El destino se puede entender como algo predeterminado e impuesto, pero en este caso, aquí me refiero a destino como lo que nos da dirección, lo que nos apunta hacia dónde queremos dirigirnos.
Muchas veces, aunque sepamos lo que queremos o lo que nos mueve, nos equivocamos. Son esas pequeñas decisiones erróneas cotidianas que hacen que por momentos perdamos el camino. Es como si nos desviáramos de nuestra ruta y nos sintiéramos perdidos.
En esos momentos, si nos damos un espacio de pausa y silencio, podemos “recalcular” la ruta para podernos poner en el camino que queremos de nuevo.

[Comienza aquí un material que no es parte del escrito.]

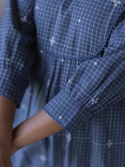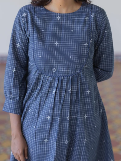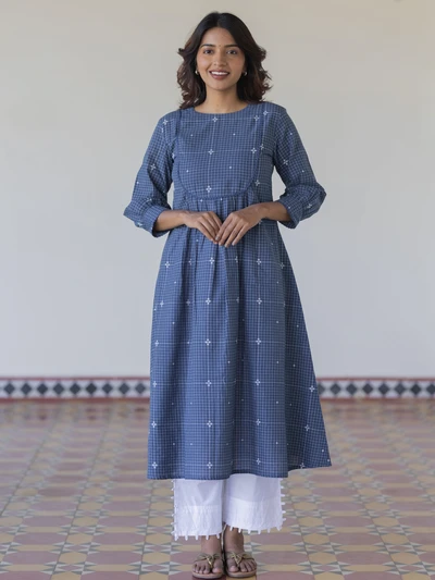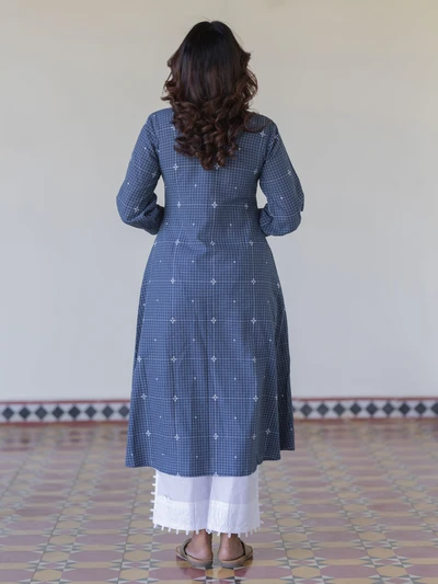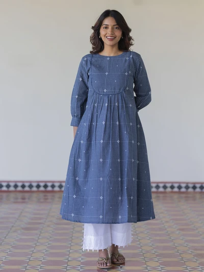 Navy Handloom Checkered A-Line Kurta

A veces, estas salidas son sutiles y es fácil recuperar el camino. Sin embargo, otras, son unas desbarrancadas o unas desviaciones muy fuertes y abruptas, que nos dejan sin sentido de la orientación.

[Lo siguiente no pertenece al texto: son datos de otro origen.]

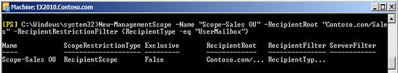 New-ManagementScope -Name "Scope-Sales OU" -RecipientRoot "Contoso/Sales" -RecipientRestrictionFilter {RecipientType -eq "UserMailbox"}

No importa si es una u otra, vale la pena recordarnos cuál es nuestro “destino” a dónde queremos dirigirnos, y poner los medios para reiniciar el viaje.
Esto tiene mucho que ver con la intención, nos podemos equivocar, pero lo que al final dice más de nosotros no es si tropezamos o no, sino la intención que le ponemos a cada paso que damos. Si ese paso está alineado a nuestros deseos más profundos, va a ser un paso acertado. Si no sabemos lo que hay en nuestro corazón y lo que nos mueve, muchas veces vamos dando tumbos.
No podemos caminar siempre derechito por el camino, no somos perfectos, pero podemos vislumbrar nuestro camino e intencionalmente ponernos a ello… a caminar.